Description of the task: All lines in the entries below that hold "Frilager" make up the answer.

Supplied data:
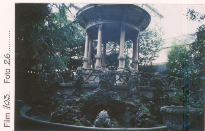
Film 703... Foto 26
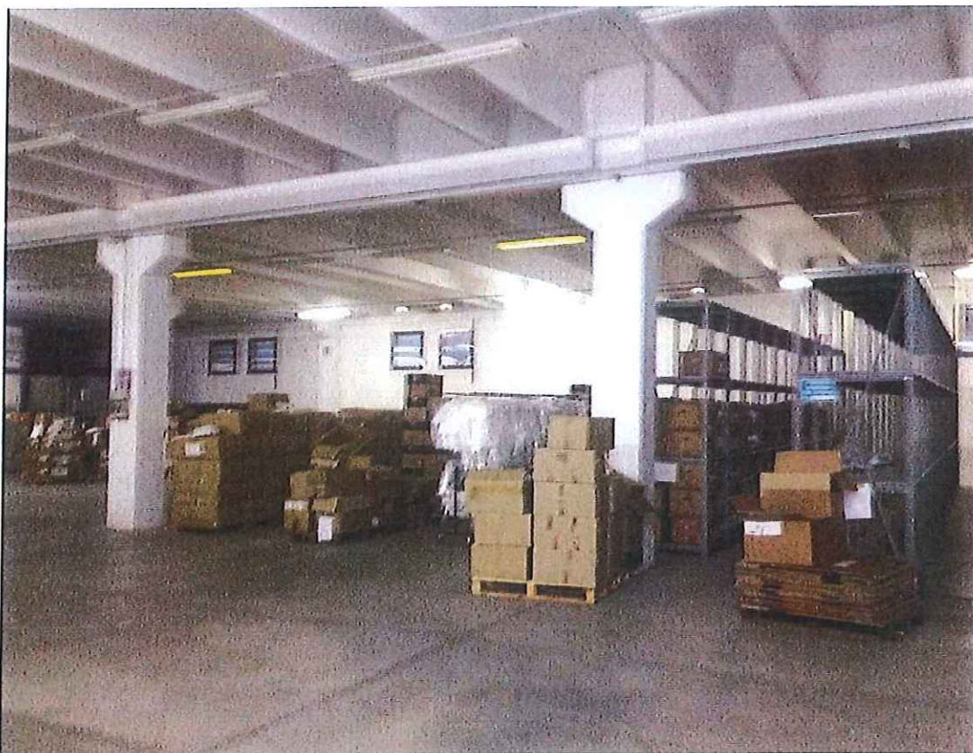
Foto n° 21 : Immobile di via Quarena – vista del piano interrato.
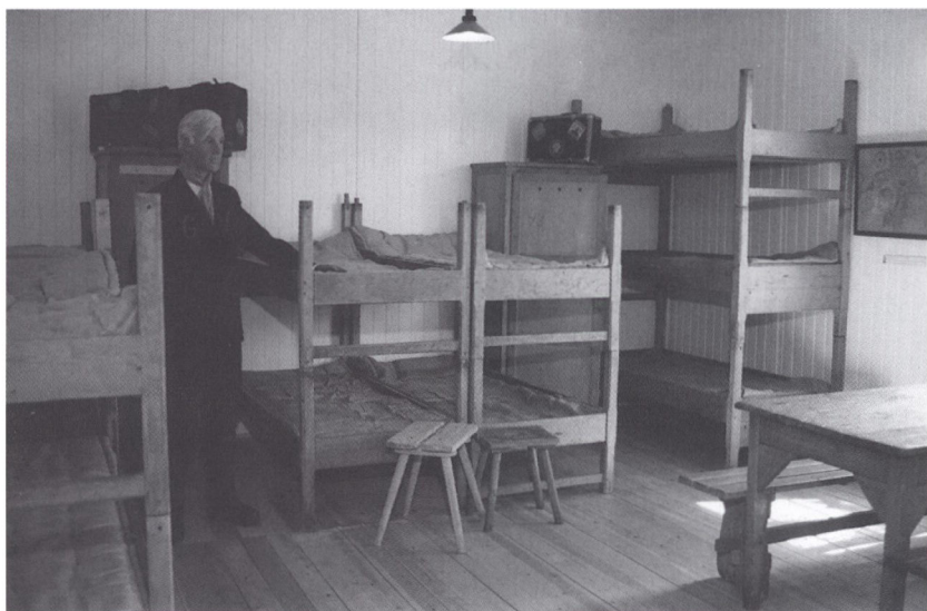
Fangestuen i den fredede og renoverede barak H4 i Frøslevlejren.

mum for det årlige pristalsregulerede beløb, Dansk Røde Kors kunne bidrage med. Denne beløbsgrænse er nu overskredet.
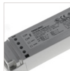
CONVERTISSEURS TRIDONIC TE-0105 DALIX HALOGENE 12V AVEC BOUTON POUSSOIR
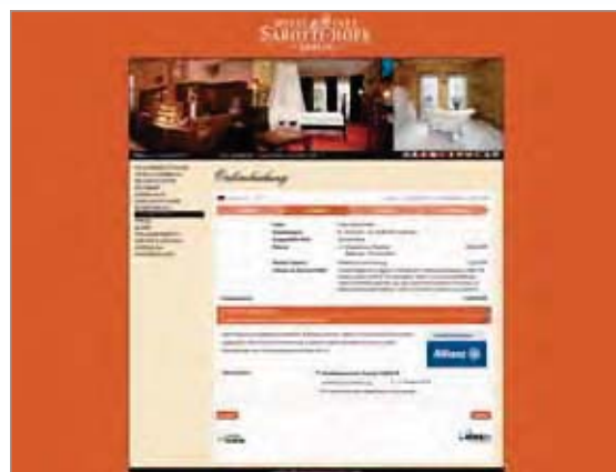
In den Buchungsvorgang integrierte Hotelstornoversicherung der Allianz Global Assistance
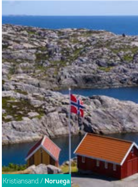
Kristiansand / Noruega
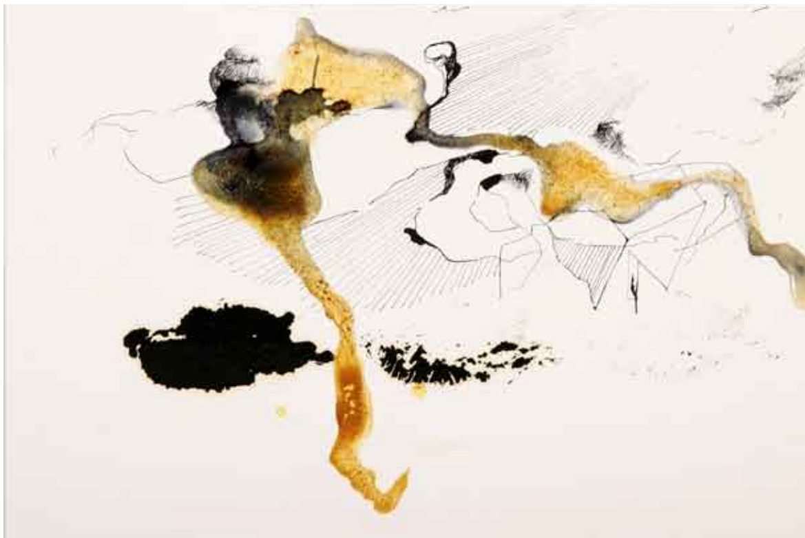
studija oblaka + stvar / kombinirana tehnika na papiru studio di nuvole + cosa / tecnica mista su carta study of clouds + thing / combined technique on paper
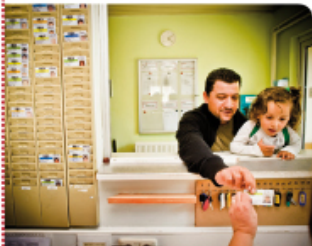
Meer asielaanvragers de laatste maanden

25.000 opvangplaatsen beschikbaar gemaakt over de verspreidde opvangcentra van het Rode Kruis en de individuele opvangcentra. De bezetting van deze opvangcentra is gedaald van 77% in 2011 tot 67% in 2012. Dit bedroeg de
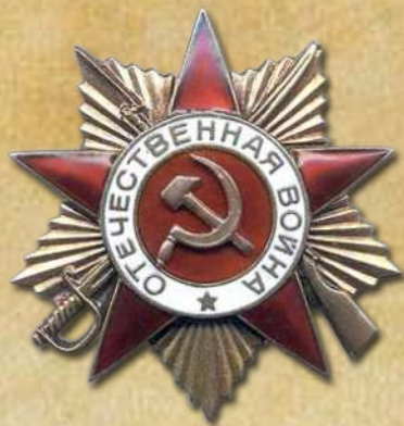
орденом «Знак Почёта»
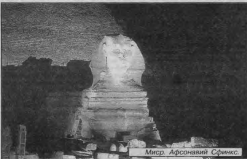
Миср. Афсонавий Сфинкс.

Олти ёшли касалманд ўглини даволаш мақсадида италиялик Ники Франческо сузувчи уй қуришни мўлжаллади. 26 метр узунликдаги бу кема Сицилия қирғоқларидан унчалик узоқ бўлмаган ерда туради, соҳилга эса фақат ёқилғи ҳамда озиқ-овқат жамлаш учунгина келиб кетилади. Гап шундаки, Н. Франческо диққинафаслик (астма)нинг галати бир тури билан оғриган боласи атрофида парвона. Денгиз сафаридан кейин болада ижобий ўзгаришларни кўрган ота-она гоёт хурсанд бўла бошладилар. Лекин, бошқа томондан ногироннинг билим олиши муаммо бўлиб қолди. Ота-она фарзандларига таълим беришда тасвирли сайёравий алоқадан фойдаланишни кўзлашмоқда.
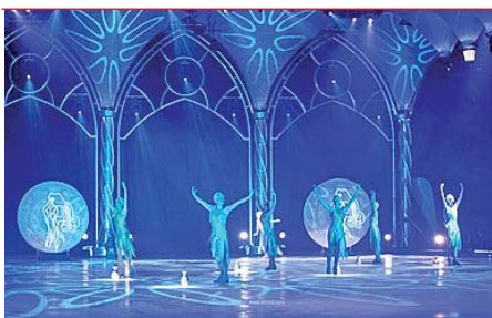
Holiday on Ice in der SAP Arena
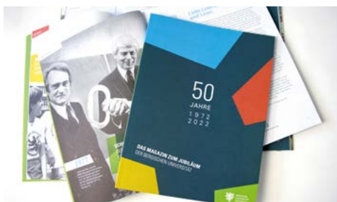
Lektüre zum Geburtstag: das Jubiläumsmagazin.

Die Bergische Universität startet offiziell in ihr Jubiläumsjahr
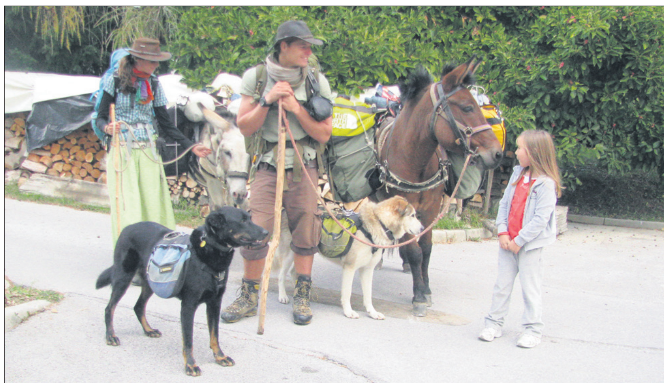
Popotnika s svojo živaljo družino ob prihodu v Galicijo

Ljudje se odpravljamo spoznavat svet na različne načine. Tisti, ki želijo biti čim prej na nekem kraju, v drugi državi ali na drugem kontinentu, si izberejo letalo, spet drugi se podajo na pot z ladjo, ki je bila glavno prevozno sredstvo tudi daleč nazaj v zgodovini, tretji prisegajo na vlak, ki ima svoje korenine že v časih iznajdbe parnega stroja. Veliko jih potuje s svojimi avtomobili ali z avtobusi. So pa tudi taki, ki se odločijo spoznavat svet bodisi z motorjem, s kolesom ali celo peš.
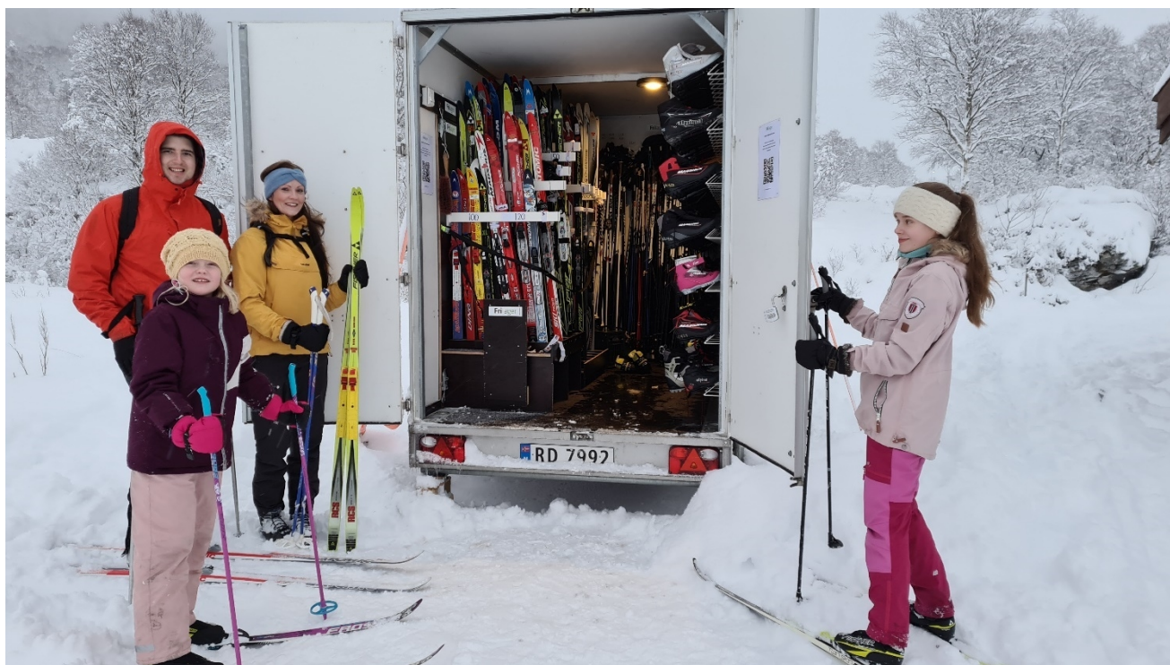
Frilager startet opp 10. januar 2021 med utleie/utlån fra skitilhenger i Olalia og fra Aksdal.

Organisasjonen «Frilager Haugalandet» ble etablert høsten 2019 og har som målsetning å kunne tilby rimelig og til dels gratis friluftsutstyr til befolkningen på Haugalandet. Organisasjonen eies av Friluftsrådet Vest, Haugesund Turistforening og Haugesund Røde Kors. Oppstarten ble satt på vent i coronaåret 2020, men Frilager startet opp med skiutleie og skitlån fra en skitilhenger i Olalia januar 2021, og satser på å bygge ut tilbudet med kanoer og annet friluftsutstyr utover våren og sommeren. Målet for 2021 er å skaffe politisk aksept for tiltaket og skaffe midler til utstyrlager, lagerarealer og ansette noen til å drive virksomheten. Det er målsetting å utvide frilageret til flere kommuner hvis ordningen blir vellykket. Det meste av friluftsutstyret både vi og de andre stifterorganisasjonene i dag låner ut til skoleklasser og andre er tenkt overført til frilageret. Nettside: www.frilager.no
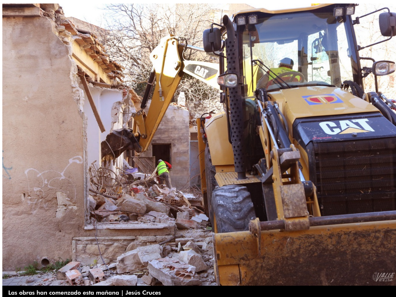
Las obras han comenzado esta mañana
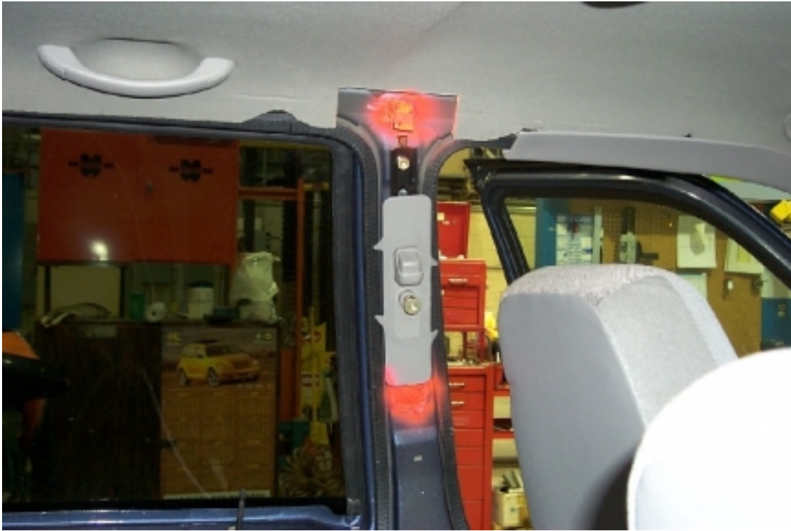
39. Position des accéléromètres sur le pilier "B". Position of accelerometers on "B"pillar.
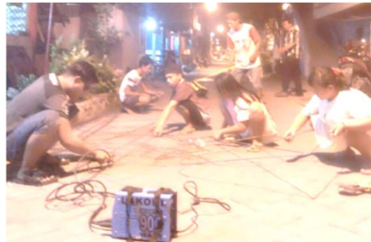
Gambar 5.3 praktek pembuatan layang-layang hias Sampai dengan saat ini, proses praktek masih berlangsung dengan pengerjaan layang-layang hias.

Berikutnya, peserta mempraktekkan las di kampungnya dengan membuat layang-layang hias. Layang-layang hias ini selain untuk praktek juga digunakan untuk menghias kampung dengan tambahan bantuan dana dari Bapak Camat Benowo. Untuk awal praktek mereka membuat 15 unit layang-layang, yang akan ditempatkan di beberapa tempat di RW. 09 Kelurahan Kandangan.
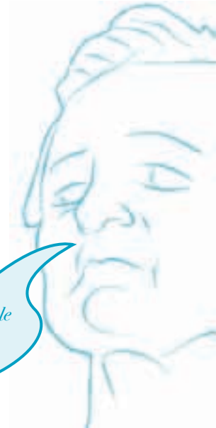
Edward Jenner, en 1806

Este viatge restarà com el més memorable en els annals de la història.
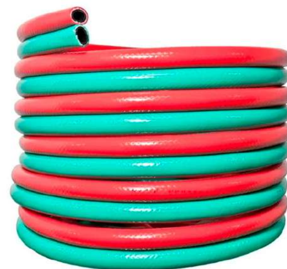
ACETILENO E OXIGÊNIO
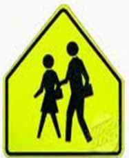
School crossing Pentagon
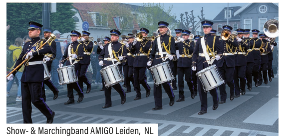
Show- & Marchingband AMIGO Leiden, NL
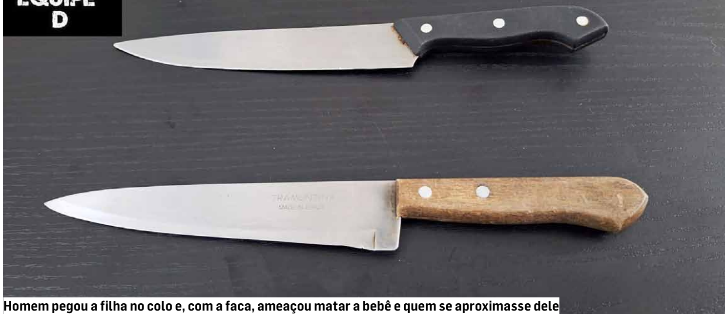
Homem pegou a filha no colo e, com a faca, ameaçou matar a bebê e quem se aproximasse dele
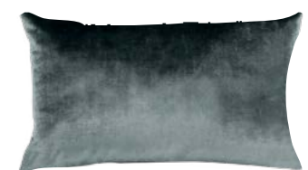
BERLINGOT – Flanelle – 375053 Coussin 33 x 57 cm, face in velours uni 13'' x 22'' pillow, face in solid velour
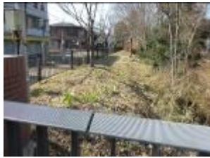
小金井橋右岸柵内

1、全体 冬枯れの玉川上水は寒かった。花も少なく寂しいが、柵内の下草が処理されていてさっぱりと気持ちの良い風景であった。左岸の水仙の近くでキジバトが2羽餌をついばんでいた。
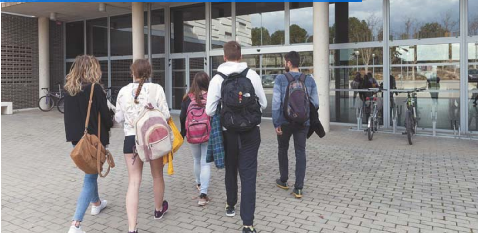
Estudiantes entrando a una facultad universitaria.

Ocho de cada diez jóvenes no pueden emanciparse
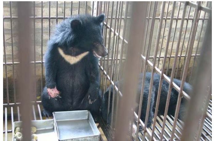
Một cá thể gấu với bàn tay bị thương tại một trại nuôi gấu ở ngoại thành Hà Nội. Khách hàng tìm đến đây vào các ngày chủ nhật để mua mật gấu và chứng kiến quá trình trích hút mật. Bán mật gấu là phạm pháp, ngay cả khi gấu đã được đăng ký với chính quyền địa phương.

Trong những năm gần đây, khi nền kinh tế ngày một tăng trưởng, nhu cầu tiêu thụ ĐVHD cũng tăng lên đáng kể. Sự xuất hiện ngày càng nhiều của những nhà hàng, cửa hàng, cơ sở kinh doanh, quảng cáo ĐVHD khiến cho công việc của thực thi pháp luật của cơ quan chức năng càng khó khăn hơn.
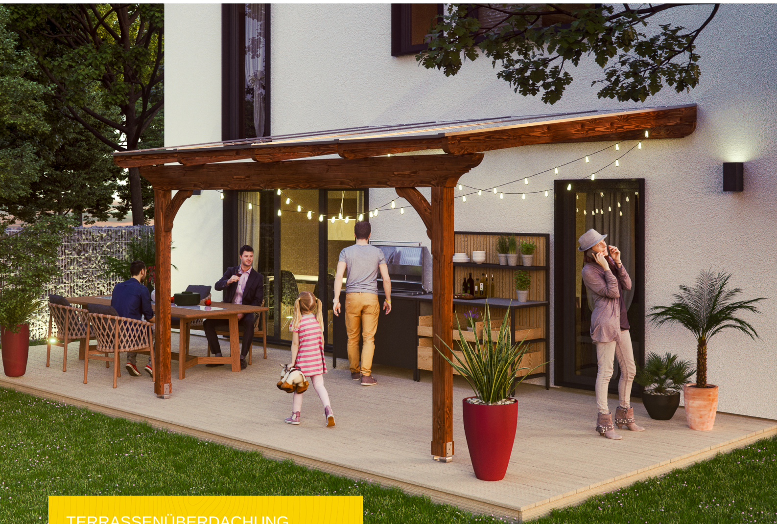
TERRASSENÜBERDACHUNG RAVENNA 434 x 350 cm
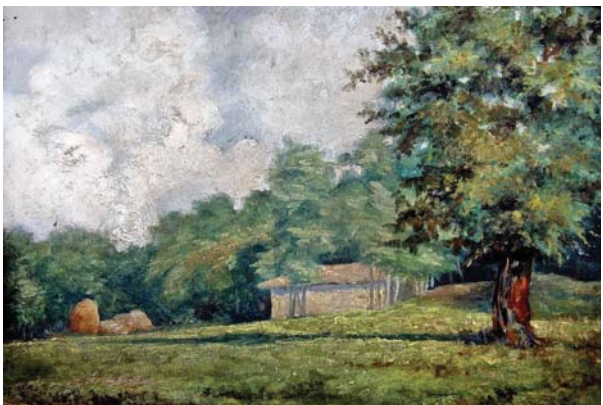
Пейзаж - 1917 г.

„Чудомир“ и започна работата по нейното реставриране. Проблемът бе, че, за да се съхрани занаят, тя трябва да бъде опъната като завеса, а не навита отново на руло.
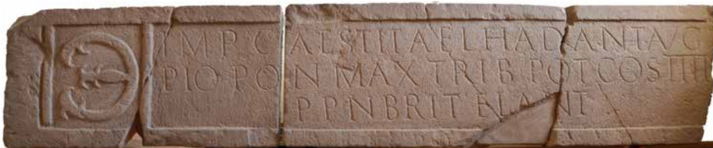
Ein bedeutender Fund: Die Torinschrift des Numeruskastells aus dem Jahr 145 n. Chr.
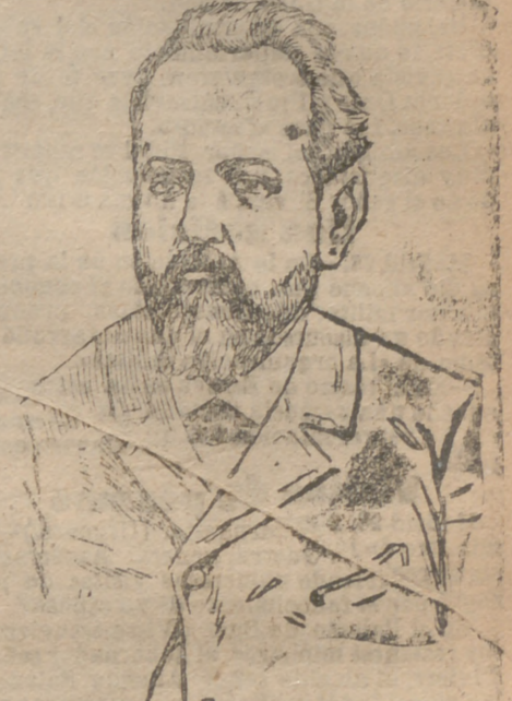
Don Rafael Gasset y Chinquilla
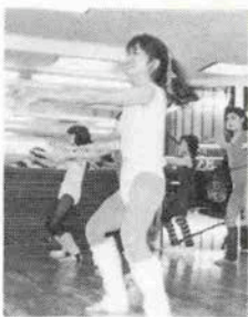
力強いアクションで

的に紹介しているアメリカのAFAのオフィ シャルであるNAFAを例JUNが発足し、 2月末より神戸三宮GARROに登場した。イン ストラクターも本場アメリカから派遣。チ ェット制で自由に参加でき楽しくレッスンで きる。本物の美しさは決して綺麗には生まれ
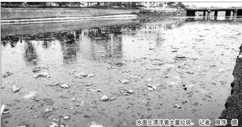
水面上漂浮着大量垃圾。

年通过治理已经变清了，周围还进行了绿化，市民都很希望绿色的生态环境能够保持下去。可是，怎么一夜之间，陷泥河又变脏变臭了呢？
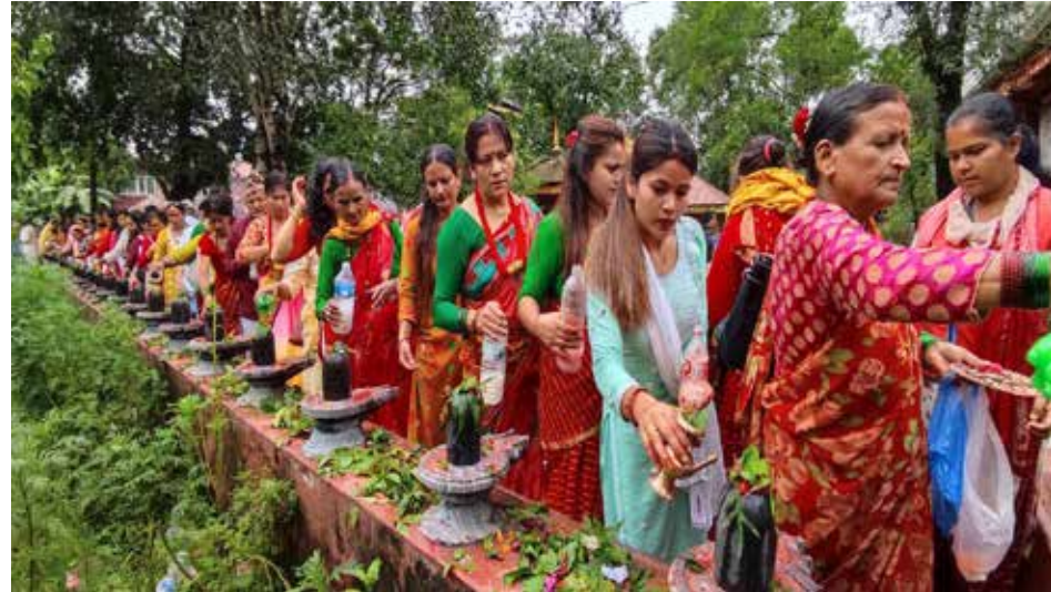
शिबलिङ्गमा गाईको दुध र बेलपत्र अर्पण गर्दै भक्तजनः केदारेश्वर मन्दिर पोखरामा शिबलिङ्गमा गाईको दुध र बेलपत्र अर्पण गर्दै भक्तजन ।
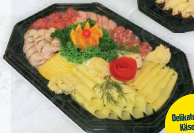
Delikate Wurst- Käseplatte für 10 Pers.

Response below:
Frilager startet opp 10. januar 2021 med utleie/utlån fra skitilhenger i Olalia og fra Aksdal.
Organisasjonen «Frilager Haugalandet» ble etablert høsten 2019 og har som målsetning å kunne tilby rimelig og til dels gratis friluftsutstyr til befolkningen på Haugalandet. Organisasjonen eies av Friluftsrådet Vest, Haugesund Turistforening og Haugesund Røde Kors. Oppstarten ble satt på vent i coronaåret 2020, men Frilager startet opp med skiutleie og skitlån fra en skitilhenger i Olalia januar 2021, og satser på å bygge ut tilbudet med kanoer og annet friluftsutstyr utover våren og sommeren. Målet for 2021 er å skaffe politisk aksept for tiltaket og skaffe midler til utstyrlager, lagerarealer og ansette noen til å drive virksomheten. Det er målsetting å utvide frilageret til flere kommuner hvis ordningen blir vellykket. Det meste av friluftsutstyret både vi og de andre stifterorganisasjonene i dag låner ut til skoleklasser og andre er tenkt overført til frilageret. Nettside: www.frilager.no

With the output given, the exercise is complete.